▶ Work request
Pictures must not be copied, but every entry must be reproduced exactly.

Records drawn from a dataset:
------------------------------------------------------------
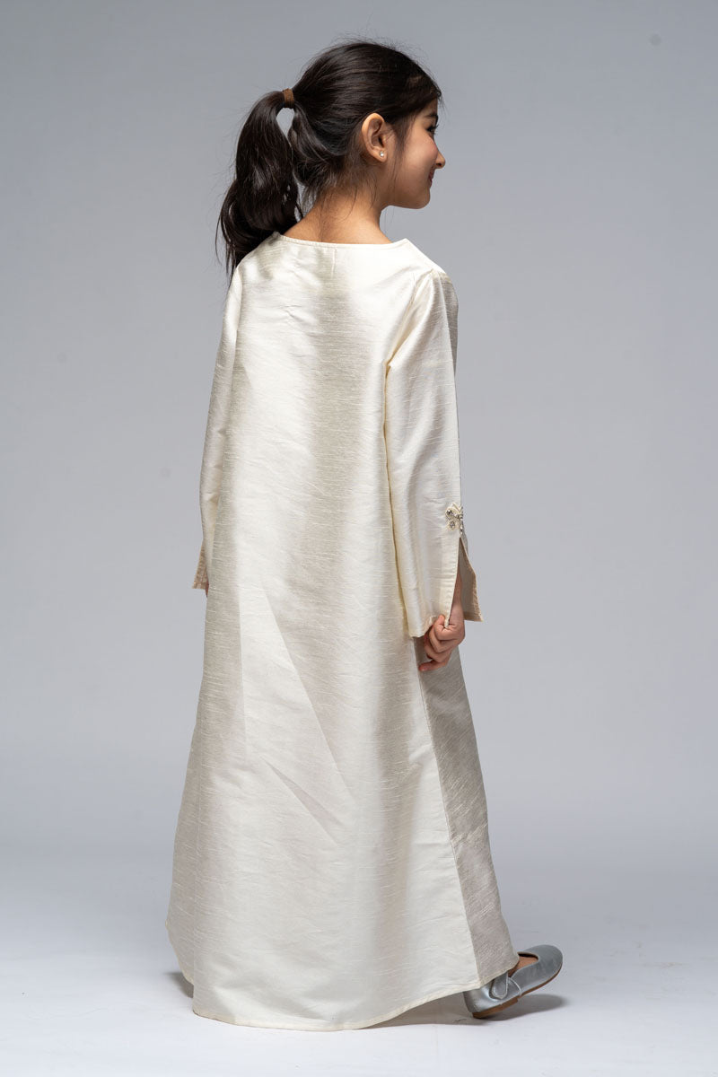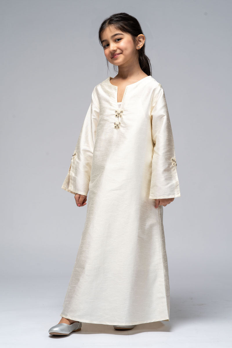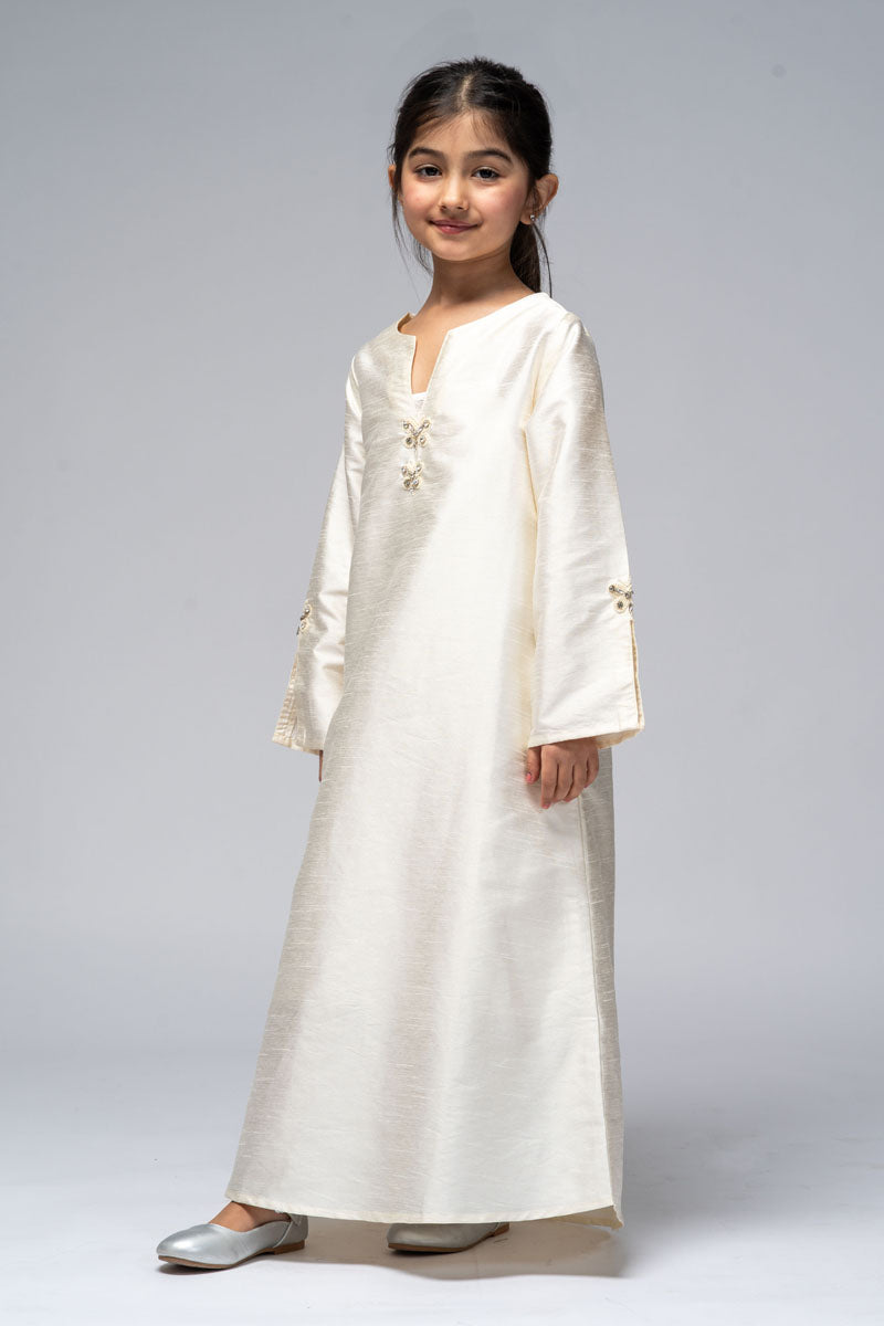 فستان طويل بتصميم أنيق وقصة مستقيمة، يتميز بتفاصيل مطرزة ناعمة في الجزء الأمامي ولمسات زخرفية على الأكمام. يوفر راحة في الحركة ومظهراً متوازنًا، مناسب للمناسبات المختلفة والارتداء اليومي.
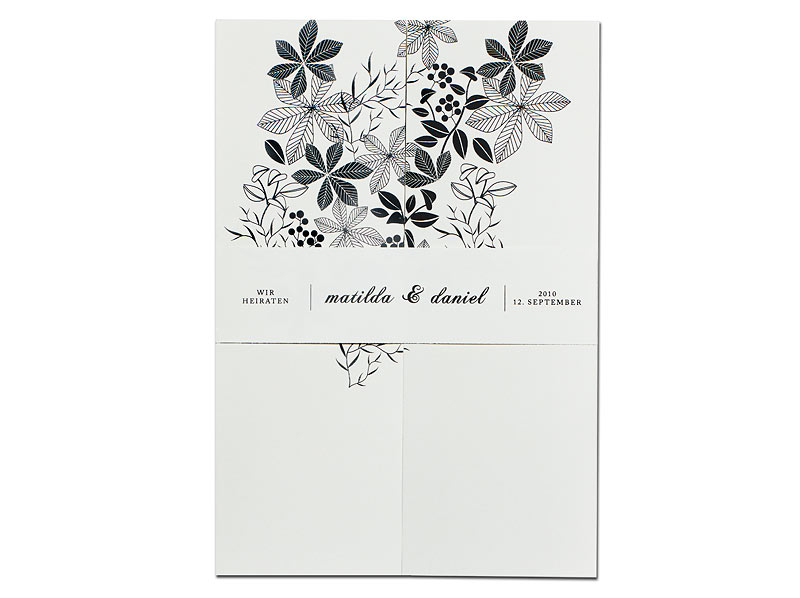 Design Hochzeitspapeterie:Mit seiner mannigfaltigen Natur, seinen wärmenden Sonnenstrahlen und der erfrischenden Luft ist der Herbst eine wundervolle Zeit, sich zu trauen. Die Autumn-Serie ist liebevoll mit Kastanienblättern geschmückt und dennoch schlicht. Ein stimmungsvolles Gedicht auf der Rückseite rundet auf Wunsch den romantischen Gesamteindruck ab. Das edle schwarz-weiß Design wirkt dabei so lebendig, das man die unzähligen Herbsttöne erahnen kann. Eine elegante kalligrafische Schrift vereint mit einer klassischen Serifenschrift verleihen dieser Serie zusätzlich eine feierliche Note.Produktdetails Banderole:Die edle Banderole gibt der Kartenserie das gewisse Etwas und hält alle Bestandteile zusammen. Mit einem doppelseitigen Klebepunkt werden die Enden miteinander verbunden. Das crèmefarbene Feinstpapier ist ein gestrichenes, kräftiges und dennoch mattes Papier mit angenehmer Haptik und höchster Detailtreue. Bei der Abbildung links handelt es sich um einen beispielhaften Text, den Sie im nächsten Schritt individuell gestalten können. Satzarbeiten sind im Preis inbegriffen. Die Banderole ist 2-fach vorgefalzt und die Klebepunkte (im Preis inbegriffen) werden beigelegt.
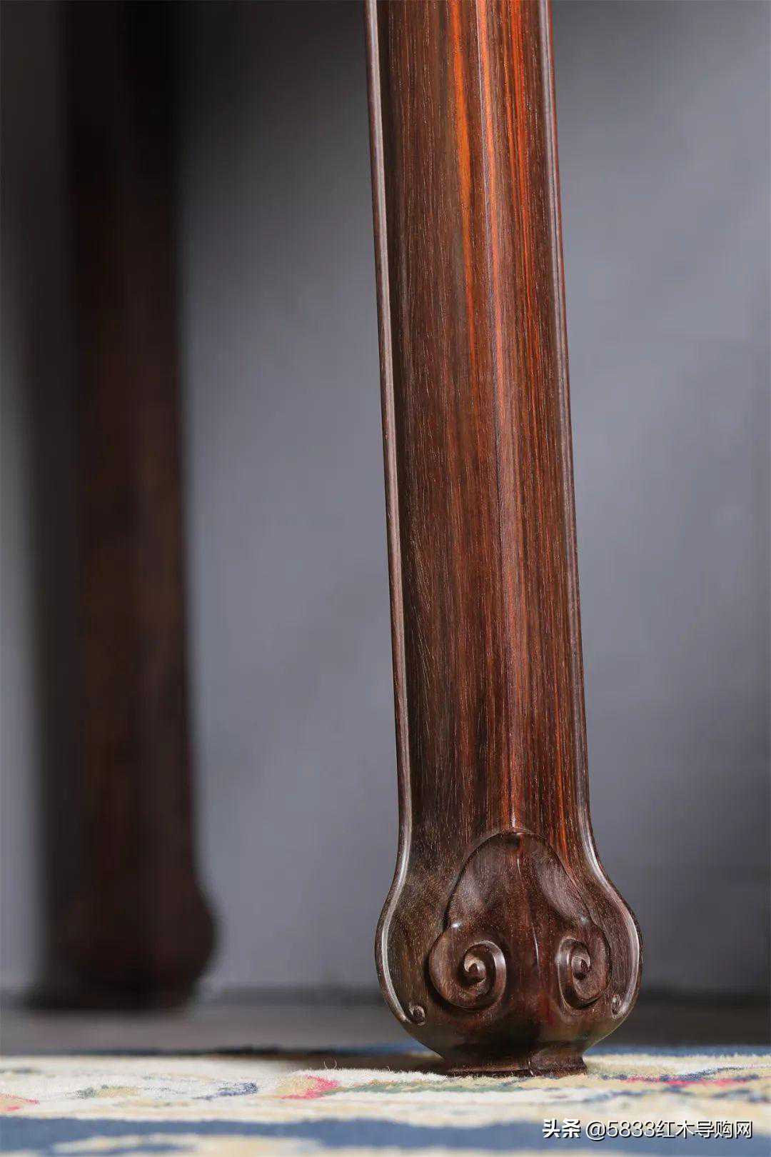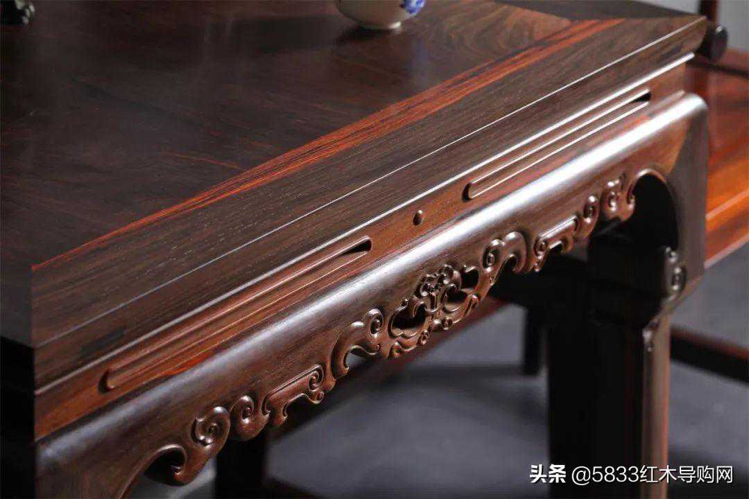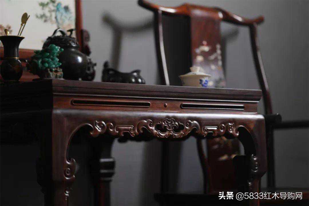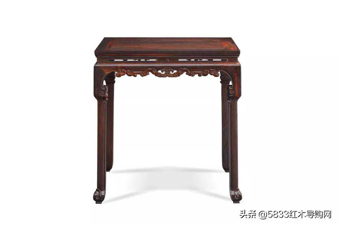 此桌精选大红酸枝料,材质上等,束腰开光。攒框镶独板面心,牙板雕如意云纹,寓意吉祥如意,折腿,足底回折翻卷云纹。品相精美,端庄秀丽,形制娇俏,做工精湛,沉厚古雅。
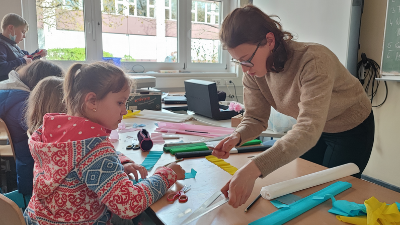 Mich interessiert vor allem die Kommunikation mit ukrainischen Kindern. Sie durchlaufen den Prozess der Integration, was nicht für jede und jeden einfach ist. Durch die Kunst können sie sich manchmal besser ausdrücken als in einem Gespräch. Außerdem arbeiten die Kinder in einer Gruppe, in der sie auch miteinander kommunizieren können. Am Ende haben sie auch was Schönes in der Hand, was sie den Eltern stolz präsentieren können. Das, stärkt das Vertrauen der Kinder in sich selbst.
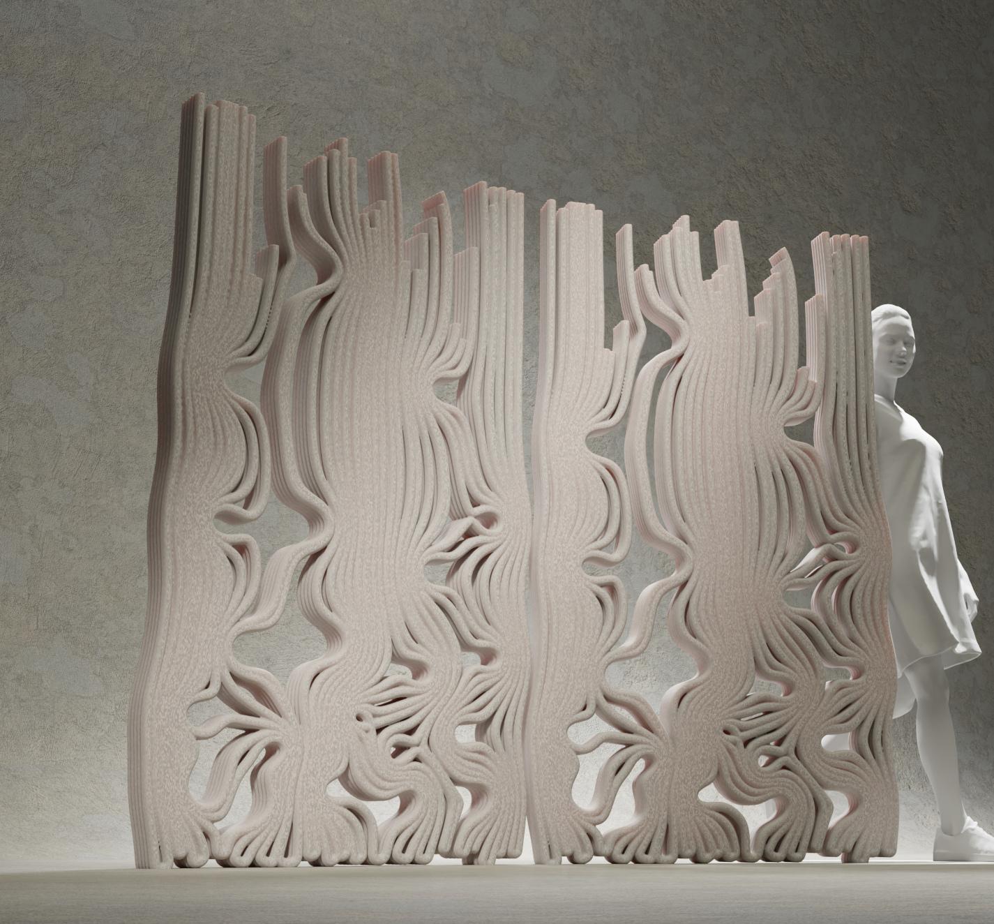 At the crossroads of diverse elds of interest - from natural sciences to algorithmic sciences, and including philosophy - my design practice seeks to explore and strengthen the relationships between object, subject, and their environments. As a computational designer, I develop works ranging from small-scale devices to micro-architectures. These creations emerge from the fertile interplay between digital tools and natural phenomena, embedded within broader ecosystemic logics.
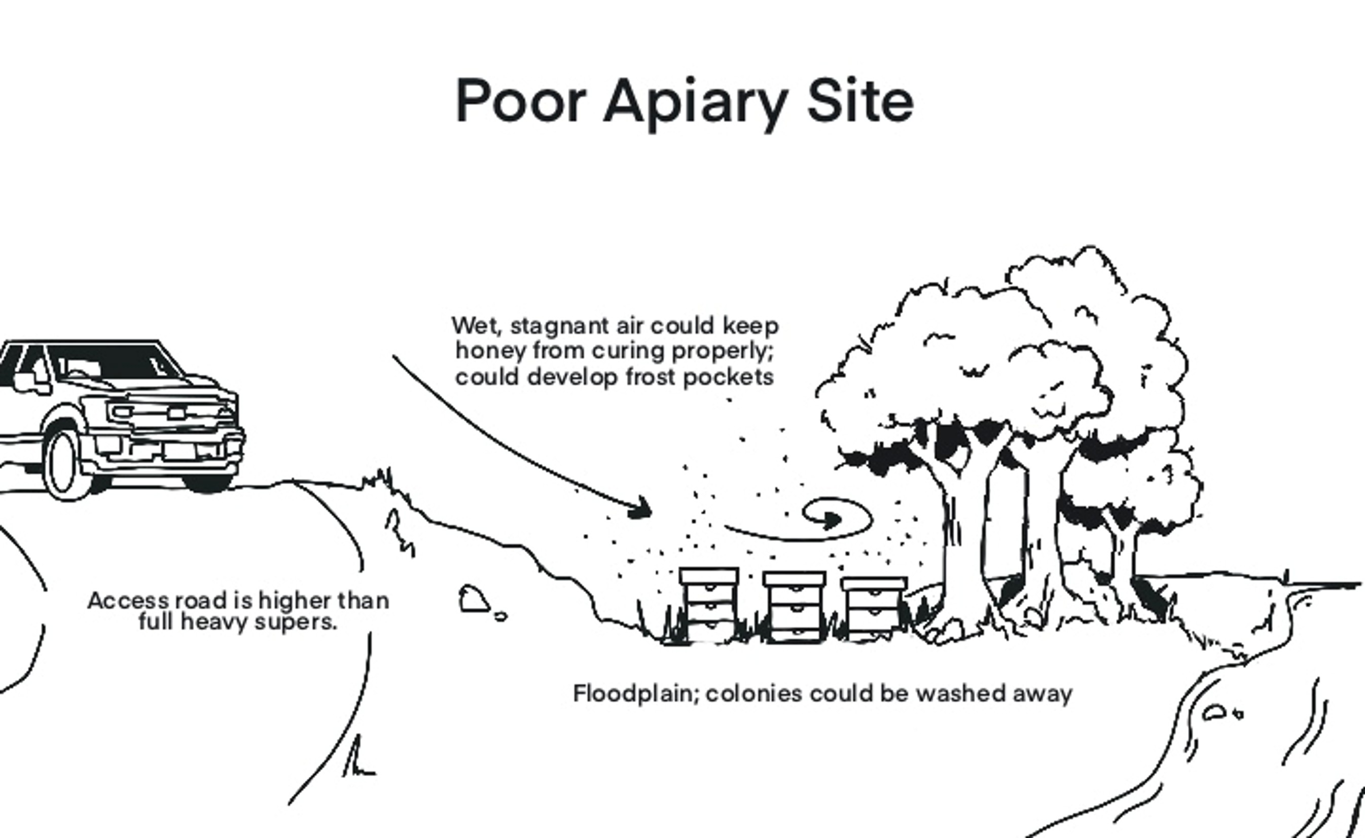 Even if you live out in the country, place the hive in a spot where you can at least glance at it daily. A fallen tree, bear, or wind could knock a hive cover off - or tip a hive over. Avoid the temptation to set up hives out of sight at the far edge of your hayfield.
------------------------------------------------------------
▶ Task output
 فستان طويل بتصميم أنيق وقصة مستقيمة، يتميز بتفاصيل مطرزة ناعمة في الجزء الأمامي ولمسات زخرفية على الأكمام. يوفر راحة في الحركة ومظهراً متوازنًا، مناسب للمناسبات المختلفة والارتداء اليومي.
 Design Hochzeitspapeterie:Mit seiner mannigfaltigen Natur, seinen wärmenden Sonnenstrahlen und der erfrischenden Luft ist der Herbst eine wundervolle Zeit, sich zu trauen. Die Autumn-Serie ist liebevoll mit Kastanienblättern geschmückt und dennoch schlicht. Ein stimmungsvolles Gedicht auf der Rückseite rundet auf Wunsch den romantischen Gesamteindruck ab. Das edle schwarz-weiß Design wirkt dabei so lebendig, das man die unzähligen Herbsttöne erahnen kann. Eine elegante kalligrafische Schrift vereint mit einer klassischen Serifenschrift verleihen dieser Serie zusätzlich eine feierliche Note.Produktdetails Banderole:Die edle Banderole gibt der Kartenserie das gewisse Etwas und hält alle Bestandteile zusammen. Mit einem doppelseitigen Klebepunkt werden die Enden miteinander verbunden. Das crèmefarbene Feinstpapier ist ein gestrichenes, kräftiges und dennoch mattes Papier mit angenehmer Haptik und höchster Detailtreue. Bei der Abbildung links handelt es sich um einen beispielhaften Text, den Sie im nächsten Schritt individuell gestalten können. Satzarbeiten sind im Preis inbegriffen. Die Banderole ist 2-fach vorgefalzt und die Klebepunkte (im Preis inbegriffen) werden beigelegt.
 此桌精选大红酸枝料,材质上等,束腰开光。攒框镶独板面心,牙板雕如意云纹,寓意吉祥如意,折腿,足底回折翻卷云纹。品相精美,端庄秀丽,形制娇俏,做工精湛,沉厚古雅。
 Mich interessiert vor allem die Kommunikation mit ukrainischen Kindern. Sie durchlaufen den Prozess der Integration, was nicht für jede und jeden einfach ist. Durch die Kunst können sie sich manchmal besser ausdrücken als in einem Gespräch. Außerdem arbeiten die Kinder in einer Gruppe, in der sie auch miteinander kommunizieren können. Am Ende haben sie auch was Schönes in der Hand, was sie den Eltern stolz präsentieren können. Das, stärkt das Vertrauen der Kinder in sich selbst.
 At the crossroads of diverse elds of interest - from natural sciences to algorithmic sciences, and including philosophy - my design practice seeks to explore and strengthen the relationships between object, subject, and their environments. As a computational designer, I develop works ranging from small-scale devices to micro-architectures. These creations emerge from the fertile interplay between digital tools and natural phenomena, embedded within broader ecosystemic logics.
 Even if you live out in the country, place the hive in a spot where you can at least glance at it daily. A fallen tree, bear, or wind could knock a hive cover off - or tip a hive over. Avoid the temptation to set up hives out of sight at the far edge of your hayfield.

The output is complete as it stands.